If any of the conversion functions are passed a variable that cannot be parsed – e.g. CInt(“oioi!”) – a Type Mismatch error occurs.

Sub testConversions()
Dim i As Integer, d As Double, l As Long, s As String
    i = 19
    d = 12.6
    l = 32768
    s = "42.001"
    
    ' to display the answers provided by the conversion functions we have to
    'CStr() all the number variables 10   or VBA will throw a Type Mismatch error
    ' so just to prove that CStr works we'll do it first
    Debug.Print "First test CStr on all types"
    Debug.Print "CStr(i) = '" + CStr(i) + "'" ' '42'
    Debug.Print "CStr(d) = '" + CStr(d) + "'" ' '42.001'
    Debug.Print "CStr(l) = '" + CStr(l) + "'" ' '42'
    Debug.Print "CStr(s) = '" + CStr(s) + "'" ' '42.001'
    Debug.Print ""
    Debug.Print "Second, CInt"
    Debug.Print "CInt(i) = " + CStr(CInt(i)) ' 19
    Debug.Print "CInt(d) = " + CStr(CInt(d)) ' 13
    Debug.Print "CInt(l) = Overflow Error. Integers are valued <32768"
    Debug.Print "CInt(s) = " + CStr(CInt(s)) ' 42
    Debug.Print ""
    Debug.Print "Third, CDbl"
    Debug.Print "CDbl(i) = " + CStr(CDbl(i))
    Debug.Print "CDbl(d) = " + CStr(CDbl(d))
    Debug.Print "CDbl(l) = " + CStr(CDbl(l))
    Debug.Print "CDbl(s) = " + CStr(CDbl(s))
    Debug.Print ""
    Debug.Print "Fourth, CLng"
    Debug.Print "CLng(i) = " + CStr(CLng(i)) ' 19
    Debug.Print "CLng(d) = " + CStr(CLng(d)) ' 13
    Debug.Print "CLng(l) = " + CStr(CLng(l)) ' 32768
    Debug.Print "CLng(s) = " + CStr(CLng(s)) ' 42
    
End Sub
Output in immediate window

First test CStr on all types
CStr(i) = ’19’
CStr(d) = ‘12.6’
CStr(l) = ‘32768’
CStr(s) = ‘42.001’Second, CInt
CInt(i) = 19
CInt(d) = 13
CInt(l) = Overflow Error. Integers are valued <32768
CInt(s) = 42Third, CDbl
CDbl(i) = 19
CDbl(d) = 12.6
CDbl(l) = 32768
CDbl(s) = 42.001Fourth, CLng
CLng(i) = 19
CLng(d) = 13
CLng(l) = 32768
CLng(s) = 42

Date and Time Functions

Date and time functions are quite complex due to the nature of dates.  VBA has a special way of handling dates by putting # around them, for example dMyDate = #18-Dec-2012#. Here are some of the functions to help with dates.
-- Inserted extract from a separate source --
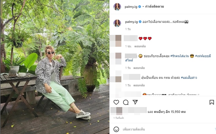 แต่ทว่าคอมเมนต์แฟนๆ กลับพากันไปโฟกัสที่เสื้อคลุมและรองเท้าที่มาพร้อมลายเสือดาว จนแฟนๆ พร้อมใจกันขอซื้อและขอลายแทงคอสตูมของปาล์มมี่กันแบบล้นหลาม ในขณะที่แฟนๆ ก็มาคอมเมนต์เรื่องการเลือกตั้งและคอนเสิร์ตในวันนั้นด้วย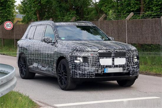 【宝马全新一代X7谍照曝光】日前,全新宝马X7最新谍照曝光,宝马的工程师正在紧张的忙碌着,期望2027年底前推出40款“新世代”车型,全新宝马X7就是其中的一款,新车将提供混动和纯电动版本,并带来富有科技感的座舱,新车将会在2027年发布。外观方面,新车延续了全新旗舰级车型标志性的分体式车灯设计,新的日行灯更加修长,与竖置双肾前格栅连接在一起,下部的大灯组采用全新的组合式设计,转向灯也融合于其中。前包围经过重新的优化,看上去更加动感。动力方面,谍照测试车展示出四出排气布局和大尺寸轮圈,可能会搭载V8发动机+48V轻混系统,此外,纯电动车型iX7的推出也得到证实,将与燃油车来自相同的架构,电动版车型功率可能达到913马力。

  • Date () – returns  the current date.
  • Now() – returns the current date and time.
  • DateSerial(year, month, day) – returns a Date object if parameters are valid.
  • Year(date) – returns the year of date as an integer.
  • Month(month) – returns the month of date as an integer, 1-12.
  • Day(Day) – returns the day of date as an integer, 1-31.
  • DateDiff(interval, date, date) – date are dates, interval is day, month, year, etc.
  • DateAdd(interval, number, date) – add to date intervals multiplied by number


Date Intervals

In the above interval refers to one of the following:

Untitled-27

Note: The Date function returns the current date (as defined by your operating system) so the results you get from the following example will be different from the results we obtained.

Sub testDateTime()
    Debug.Print Date
    Debug.Print Now()
    Debug.Print DateSerial(2012, 12, 18)
    Debug.Print Year(Date)
    Debug.Print Month(Date)
    Debug.Print Day(Date)
    Debug.Print DateAdd("d", 421, Date)
    Debug.Print DateDiff("d", Date, #1/1/2020#)
End Sub
Output in immediate window:
27/12/2012
27/12/2012 22:50:08
18/12/2012
2012
12
27
21/02/2014
2561

Is Functions

When inspecting whether a variable has a value we usually use the equals = operator, but equals does not work if a variable is null, empty or is nothing. Nor can equals be used to interrogate the variable for its type.  There are special ‘Is’ operators which provide that functionality.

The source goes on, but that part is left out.